Four Corners of Cowboys

IRVING, TX - The Ranch Report examines the Dallas Cowboys from four different perspectives, including diving into Ed Werder's recent "scoop" of a story involving Terrell Owens.

Four stories. From the four corners of the Cowboys world. (Sidebar: If the world is round, how can it have corners?)

Four stories – puzzle pieces, really – that when assembled together offer what I believe is a complete so-far picture of this offseason.

CORNER 1: Ed Werder of ESPN is reporting that Dallas is considering a love-him-or-leave-him decision with Terrell Owens.

Here's the nut quote (or maybe, two nut quotes):

"I think we all know that chemistry is the problem with this team more than the schemes or anything else,'' a Cowboys source said. "Are we going to continue to allow talent to outweigh everything else in the decisions we make with players and putting the roster together? We're like the Redskins used to be when they signed every player they wanted. There's more to it than talent. It has to be more about the team.''

And then:

"The big one (Owens) didn't get discussed yet, but I'm sure it will and real hard.''

Some quick thoughts:

*As I have said before, I happen to be friends with Ed. But at this point, why in the hell is anybody in the locker room – player, staffer, whomever -- running to ESPN with their secret, innermost thoughts?

This is symptomatic of the problems at Valley Ranch, where "family'' is simply something mumbled by rote.

*Is it just me, or does the second part of that quote – "The big one'' and "I'm sure it will and real hard'' -- sound like the odd colloquialisms and mangled syntax usually offered up by a certain Valley Rancher with the initials "J'' and "J''?

*Again, no offense to Ed: But is this really a scoopy news item? The Cowboys are considering their options with T.O. … OK, but doesn't every fan over the age of 3 already know that?

CORNER 2: How in-disarray are things at Valley Ranch at this moment? Not only do they have personnel questions, they can't even be certain who their offensive coordinator is going to be. The Jason Garrett Celebrity Tour is taking waaaay too long. Me? I know this is part of the process, and I'm happy for Garrett to have opportunities to explore. But I need my staff assembled. And at work. Like, today.
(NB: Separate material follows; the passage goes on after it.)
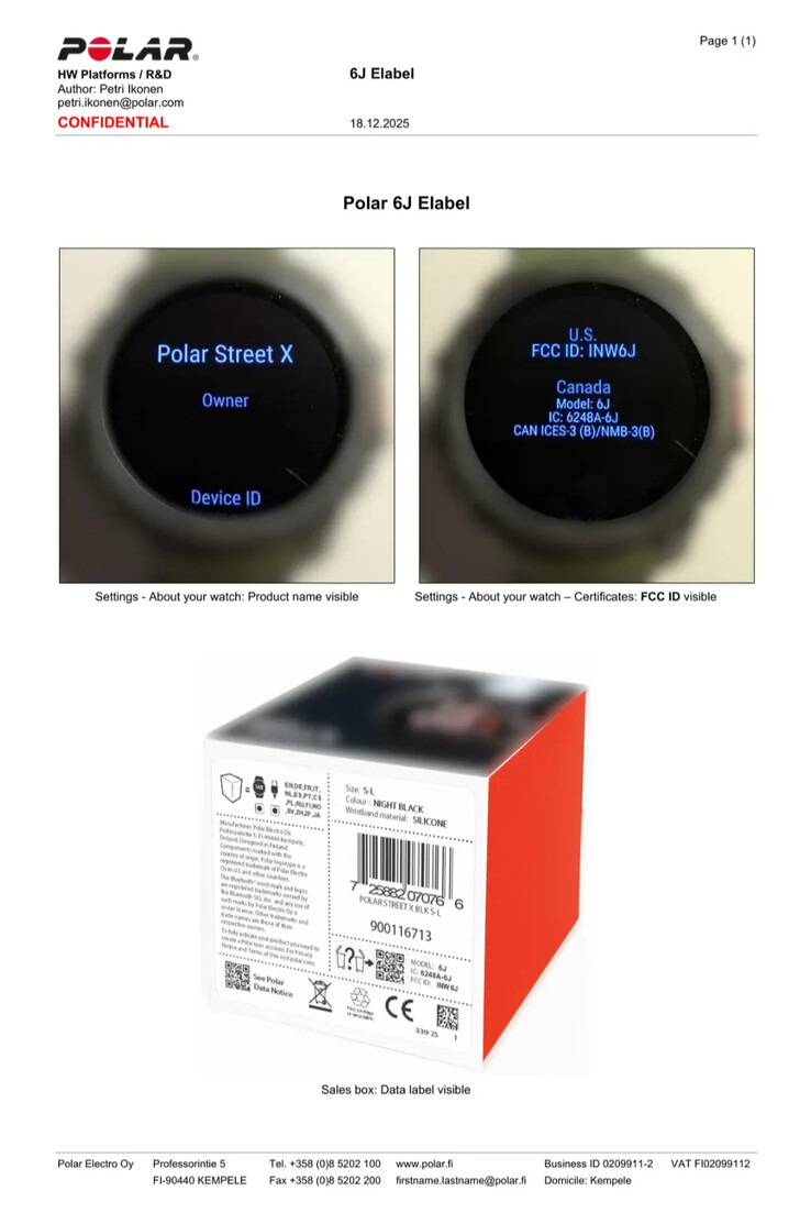 Op basis van de afbeelding hieronder lijkt de Street X op het ontwerp van de Vantage M die tegen het einde van 2024. Bovendien onthult de FCC dat Polar de Street X zal verkopen in een Night Black afwerking met een siliconen horlogeband. Het lijkt erop dat het bedrijf ook van plan is om een one-size-fits-all beleid te voeren, met S-L maten vermeld op een mockup van de retailverpakking. Helaas zijn de prijs en beschikbaarheid nog niet bekend. De verschijning van de smartwatch op de FCC geeft wel aan dat een wereldwijde release waarschijnlijk is.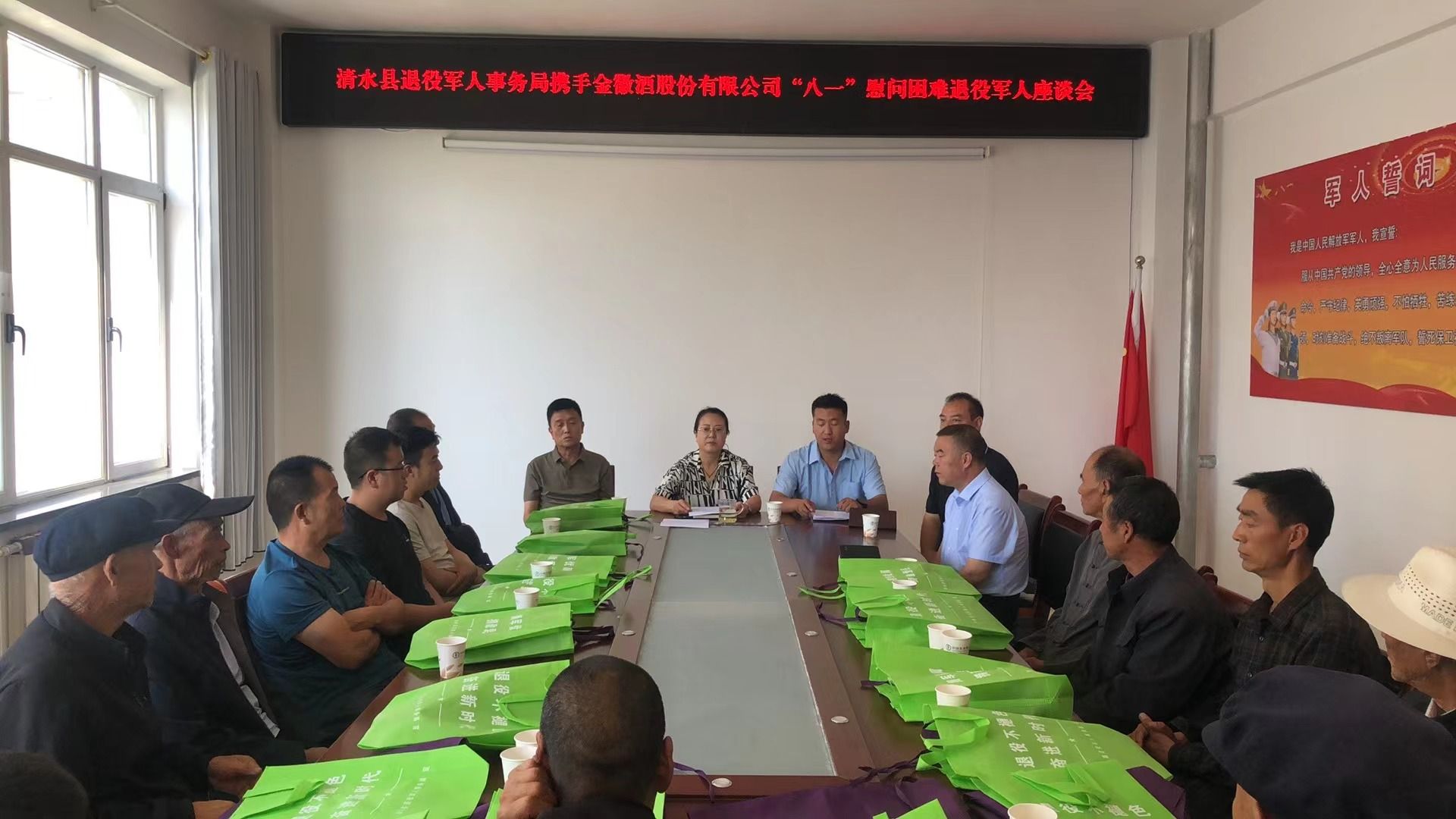 在第97個建軍節(jié)來臨之際,為大力弘揚(yáng)擁軍優(yōu)屬光榮傳統(tǒng),進(jìn)一步提升退役軍人的榮譽(yù)感和獲得感。7月31日早上,清水縣退役軍人事務(wù)局?jǐn)y手金徽酒股份有限公司舉行了“八一”慰問困難退役軍人座談會,對20名困難退役軍人代表進(jìn)行了慰問,為他們送去了米、油、牛奶等慰問品和節(jié)日的祝福。

CORNER 3: When I talk to former Cowboys – Super Bowl-winning Cowboys – they often speak about the "sense of entitlement'' felt by this latest generation. Their point: These kids who wear the star now act as if they ARE Emmitt and Aikman and Irvin and Allen, act as if they ARE Staubach and White and Lilly and Pearson and Dorsett and Waters and Harris and Hollywood and Too Tall and Harvey.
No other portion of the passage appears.